Burial ground, Gurteenroe, Co. Cork
Co. Cork |
Burial Grounds
In the south-west corner of a private garden in Gurteenroe, Co. Cork, the dead lie beneath what is now, in all likelihood, a lawn or a flower bed.
The transformation is documented with quiet matter-of-factness across successive Ordnance Survey maps: a burial ground that did not exist on paper in 1842, that appeared as a named site by 1904, and that was recorded as disused and absorbed into domestic garden ground by 1938. A century of cartographic snapshots, and the place moves from invisibility to recognition to erasure in the space of three map editions.
What makes the site's history particularly pointed is its location. The 1904 map places it to the south-west of a Union Workhouse, and that proximity is significant.

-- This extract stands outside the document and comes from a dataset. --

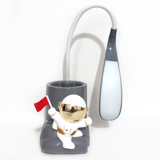 چراغ مطالعه خمشو جامدادیدار طرح فضانورد، یک محصول کاربردی و فانتزی برای میز مطالعه است که علاوه بر تأمین نور، فضای نگهداری لوازمالتحریر را نیز فراهم میکند. طراحی این چراغ با الهام از طرح فضانورد انجام شده و ظاهر آن برای کودکان و نوجوانان جذاب است، در عین حال کاربری ساده و مناسب برای استفاده روزمره دارد.

Union workhouses were the institutional backbone of Poor Law relief in nineteenth-century Ireland, built following the Irish Poor Law Act of 1838 and designed to house the destitute in conditions deliberately kept harsh enough to deter all but the most desperate. During the Famine years of the late 1840s they were overwhelmed, and many workhouses established their own burial grounds for inmates who died within their walls, people who had no family able to claim them or no resources to arrange burial elsewhere. Whether that is the precise origin of the Gurteenroe ground is not recorded, but the timeline fits: invisible in 1842, present and named by the early twentieth century, already falling out of use by the 1930s. The ground may have served the workhouse population, or may have grown up in its shadow for related reasons, but its association with that institution gives it a particular weight.
The site is on private property and access has not been recorded as available, so there is little a visitor could practically do beyond noting where it once appeared on older maps.